Die Polizisten überraschten Jamal Hashem im Schlaf: Am 6. November brachen sie um sechs Uhr morgens in seine Wohnung in Izmir ein. Die Beamten nahmen ihn vor den Augen seiner Frau und seiner drei Kinder fest, brachten ihn auf die Wache.

Hashem, Kriegsflüchtling aus Damaskus, lebte seit fünf Jahren in Izmir, einer Hafenstadt im Südwesten der Türkei. Er verdingte sich als Tagelöhner auf Baustellen und in Fabriken. Später holte der Mittfünfziger seine Familie nach. Er schickte seine Kinder zur Schule, hoffte auf eine Zukunft in der Türkei oder in Europa.

Erst Freispruch, dann Deportation

Nun aber beschuldigten ihn die türkischen Behörden, Terrorismus zu unterstützen. Zwar hat ein Gericht Hashem von den Vorwürfen freigesprochen. Trotzdem deportierten Sicherheitskräfte ihn kurz darauf nach Syrien.

Seit eineinhalb Monaten sitzt Hashem bereits in der Provinz Idlib, im Nordwesten Syriens, fest. Der Familienvater sorgt sich um seine Frau und Kinder, die in der Türkei zurückgeblieben sind.
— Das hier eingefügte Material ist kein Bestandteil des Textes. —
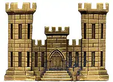 The Corps of Engineers branch insignia, the Corps Castle, is believed to have originated on an informal basis. In 1841, cadets at West Point wore insignia of this type. In 1902, the Castle was formally adopted by the Corps of Engineers as branch insignia.[42] The "castle" is actually the Pershing Barracks at the United States Military Academy in West Point, New York.[43]

Er möchte so schnell wie möglich zurück nach Izmir, weshalb er ein Pseudonym gewählt hat.

Hashem ist nicht der einzige Syrer, der womöglich rechtswidrig in sein Heimatland abgeschoben wurde. Human Rights Watch berichtete bereits im vergangenen Frühjahr von Massendeportationen in das Kriegsgebiet. Mehrere Tausend Syrer seien aus der türkisch-syrischen Grenzregion illegal nach Syrien geschafft worden. Ankara bestreitet die Vorwürfe.

Spannungen zwischen Syrern und Türken nehmen zu

Die Türkei beherbergt 3,6 Millionen Syrer - mehr als jedes andere Land. Die Regierung unter Präsident Recep Tayyip Erdogan hat für die Unterbringung und Versorgung der Neuankömmlinge nach eigenen Angaben 25 Milliarden Euro ausgegeben.

Inzwischen aber schlägt die Stimmung um. Die Wirtschaftslage hat sich verschlechtert. Viele Türken betrachten Migranten als Konkurrenten auf dem Arbeitsmarkt. Gegenüber Forschern der liberalen US-Denkfabrik Center for American Progress beanstandeten acht von zehn Befragten, Ankara gebe zu viel Geld für Geflüchtete aus.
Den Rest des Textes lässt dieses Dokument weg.